Sunday 18 March 2012

Mother's Day

Is it only in the television programmes and films where the mum has a peaceful day filled with presents and well behaved, loving children? It's certainly not in my house.

The day began well with a lie in, of sorts, and a cup of tea in bed. Then the noise arrived and I was ambushed with boys fighting to be the first to cuddle me and give me their own card. I tried to be as equal in my thankfulness to each one of them as I could, but it became hard to be heard over the shouting that was going on from one side of the bed to the other. "I want to sit next to Mummy!" "No, I was there first!" I laughed at their funny ways and told them all to go and play.

Lunchtime arrived. Yesterday they had gone shopping to buy me a nice lunch. I expected a lovely roast....but was given a plateful of pizza. Obviously their tastes are rather different to mine.

After lunch the fighting began yet again. This time my 'laughing at their funny ways mood' had worn off. In a desperate attempt to make them think positively I sent Toby and Max to their bedrooms to write two lists:

1. Write down all the things you love about your brother.
2. Write down ideas that will help you to stop fighting.

They skipped off upstairs and I heard alot of sniggering and giggling. After ten minutes, Toby presented me with his list:

1. I love my brother because we usually like the same things, like the way we hate this stupid idea.

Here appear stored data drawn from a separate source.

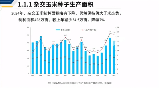 其中,玉米方面,2024 年,雜交玉米制種面積略有下降,仍然保持供大于求態勢。制種面積 428 萬畝,較上年減少 34.5 萬畝、降幅 7%。
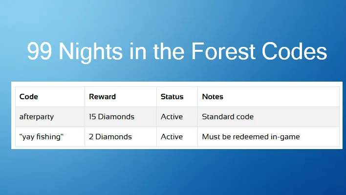 This guide lists all currently active and expired codes for 99 Nights in the Forest. Codes are a simple way to earn small in-game rewards like Diamonds or event currency. They are usually limited, so it's best to redeem them as soon as possible.
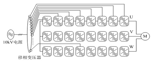 SBH系列高壓變頻器采取的拓撲結構方式為單元串聯(lián)型高壓變頻器,其為直接高-高變換電壓源型,變頻器基本原理如下圖2所示:
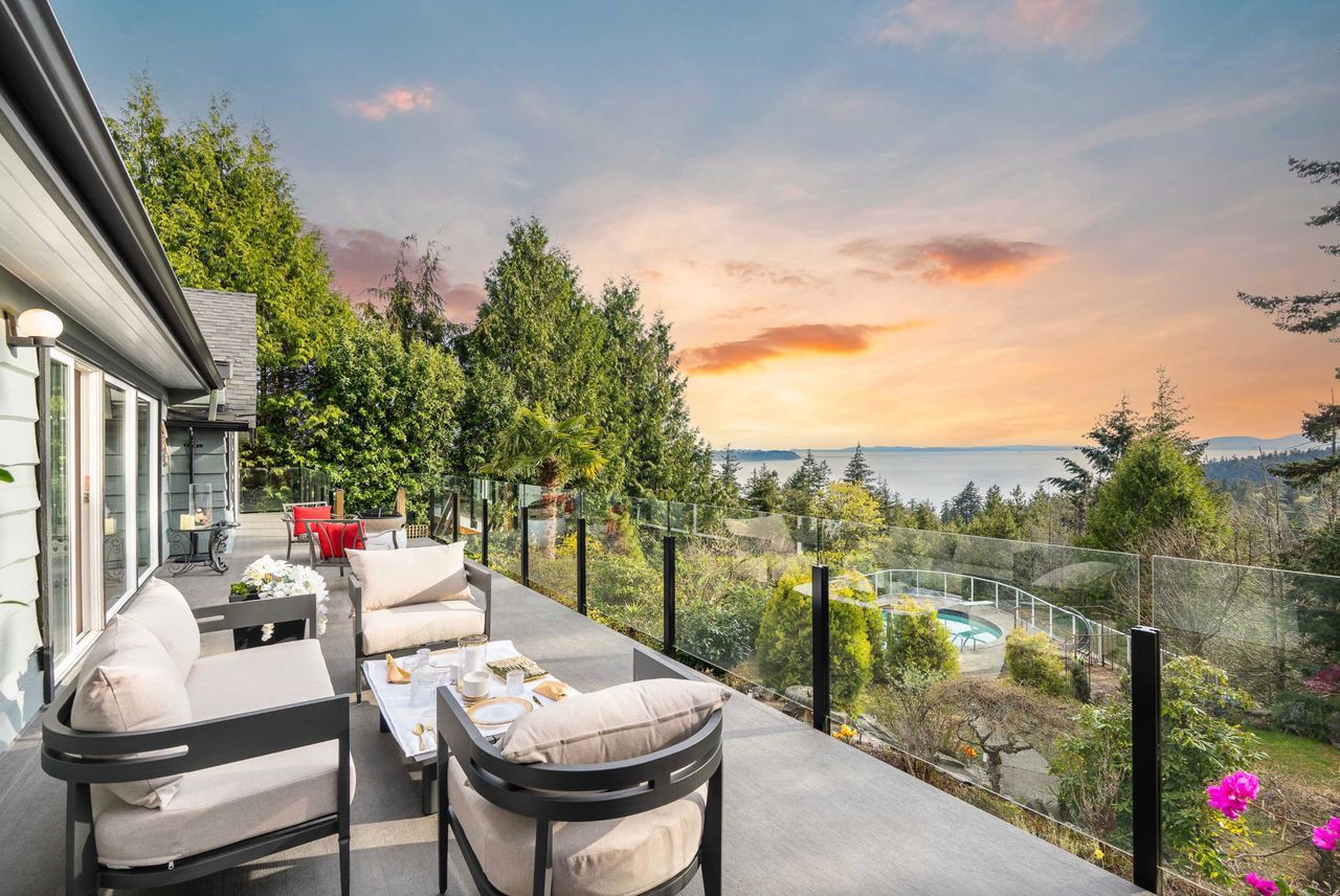 Located in the highly sought-after Rockridge neighborhood, this exceptional 0.59-acre property offers breathtaking ocean and island views from nearly every room. Extensively updated and beautifully maintained, the home provides over 5,000 square feet of refined living space across two spacious levels. With seven bedrooms and four and a half bathrooms, it easily accommodates both family living and guest stays. The heart of the home is a recently renovated modern kitchen, complete with a large island and top-grade appliances, seamlessly connected to a welcoming family room, recreation room, and a private home office. The generous primary suite enjoys exceptional views and a serene sense of privacy. Outside, a large view-side terrace overlooks mature gardens, a heated swimming pool, and a hot tub, creating a resort-like atmosphere perfect for entertaining or relaxing. Ideally positioned within walking distance to Caulfeild Elementary, Rockridge Secondary, Stearman Beach, and the Caulfeild Village Shopping Centre, this residence offers a rare combination of lifestyle, luxury, and location.

Hmmm. At least they were working together, even if it wasn't quite what I had in mind.

Toby leapt back up the stairs, two at a time, and it wasn't long before the crying began again. This time it was Max and Jonah. Seperating them into their own bedrooms, Jared attempted to referee the war.

Now, from my quiet, peaceful sofa, I can hear wailing and howling emanating from various rooms upstairs. I am trying to keep remembering all the good and rewarding things about being a mummy, but they are somehow being squashed out by all the shouting and arguing. Perhaps when I am old and grey, and a Grandma, I might look back and forget about these times. Maybe it won't even take that long - maybe when I have teenagers who sleep for half the morning and can be civil to each other, I might forget these times. I might remember Mother's Day as a perfect day full of sunshine, laughter and happiness. I'm not banking on it - I think these days of warfare will be marked on me like a brand stamped on a slave, burnt and sealed onto my memories with hot, painful wax.

On that delightful note, all that is left for me to say is Happy Mother's Day everyone!